### DATA EXTRACTS:
§

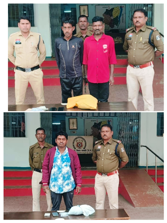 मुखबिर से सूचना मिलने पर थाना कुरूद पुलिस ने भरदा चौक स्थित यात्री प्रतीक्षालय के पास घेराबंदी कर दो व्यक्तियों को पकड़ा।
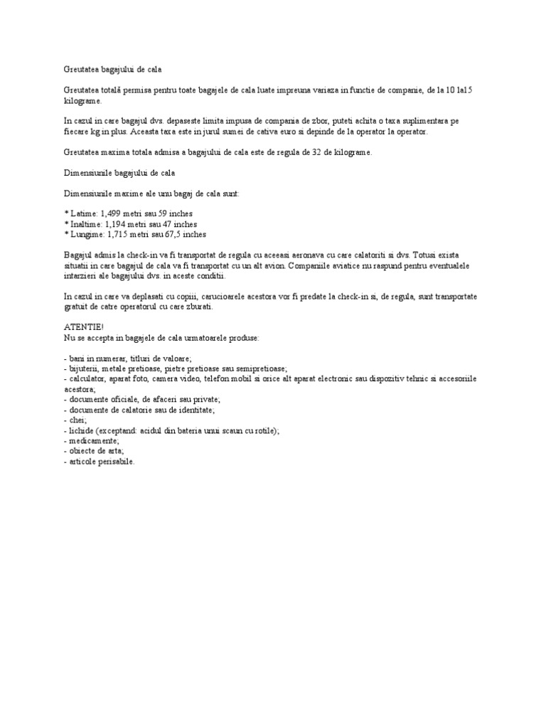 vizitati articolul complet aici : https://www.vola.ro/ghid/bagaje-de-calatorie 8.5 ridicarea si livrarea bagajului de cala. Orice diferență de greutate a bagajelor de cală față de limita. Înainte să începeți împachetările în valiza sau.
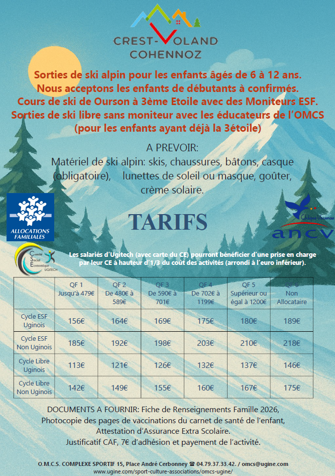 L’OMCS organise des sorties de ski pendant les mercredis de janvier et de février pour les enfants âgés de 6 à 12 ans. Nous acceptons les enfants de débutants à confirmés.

§

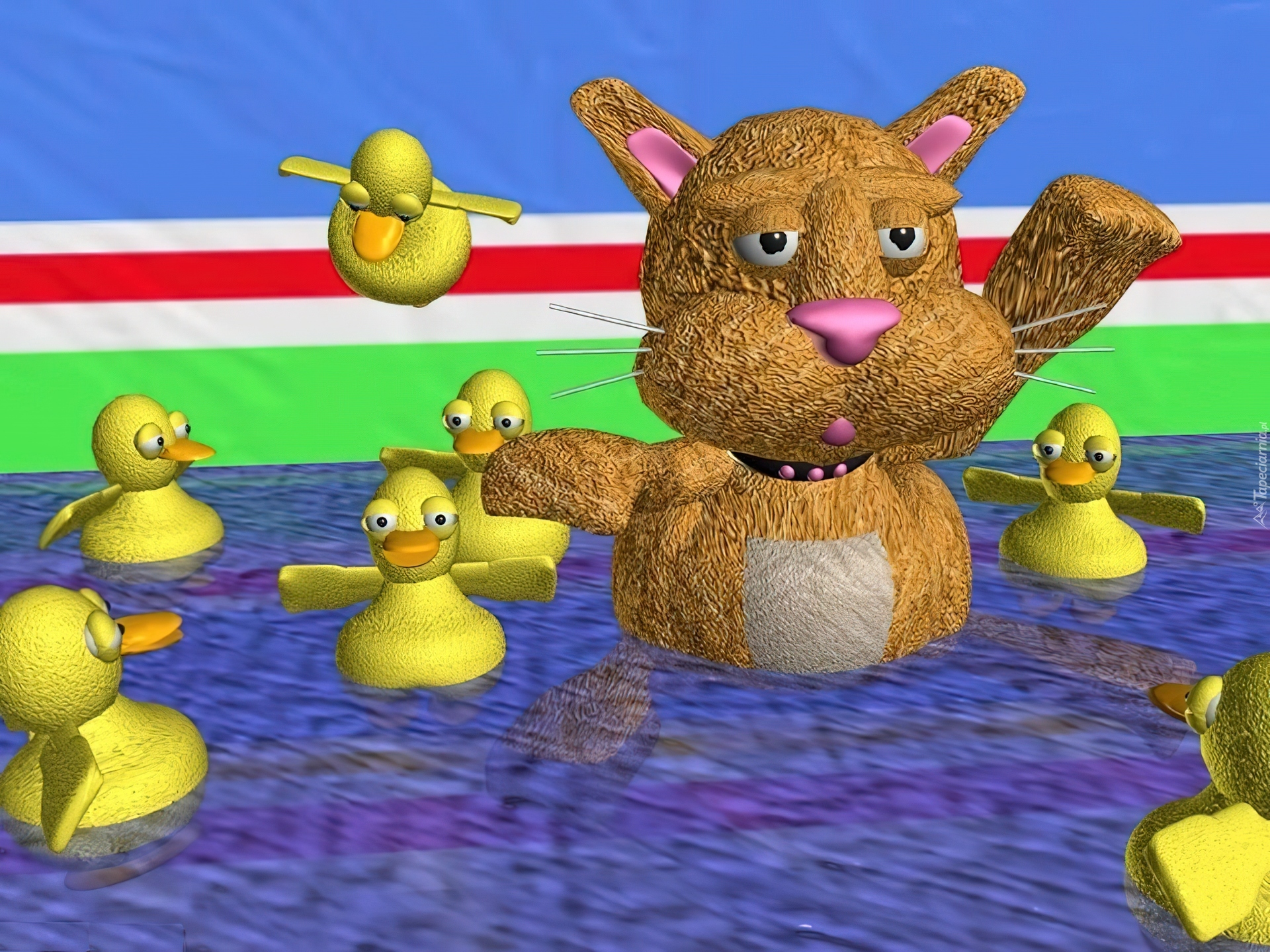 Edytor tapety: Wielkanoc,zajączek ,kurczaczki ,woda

§

### EXERCISE INSTRUCTIONS:
What are the lines above from the one with "मुखबिर से सूचना" to the one with "L’OMCS organise des", both included? Reproduce them exactly, without pictures.

### RESPONSE TO THE TASK:
 मुखबिर से सूचना मिलने पर थाना कुरूद पुलिस ने भरदा चौक स्थित यात्री प्रतीक्षालय के पास घेराबंदी कर दो व्यक्तियों को पकड़ा।
 vizitati articolul complet aici : https://www.vola.ro/ghid/bagaje-de-calatorie 8.5 ridicarea si livrarea bagajului de cala. Orice diferență de greutate a bagajelor de cală față de limita. Înainte să începeți împachetările în valiza sau.
 L’OMCS organise des sorties de ski pendant les mercredis de janvier et de février pour les enfants âgés de 6 à 12 ans. Nous acceptons les enfants de débutants à confirmés.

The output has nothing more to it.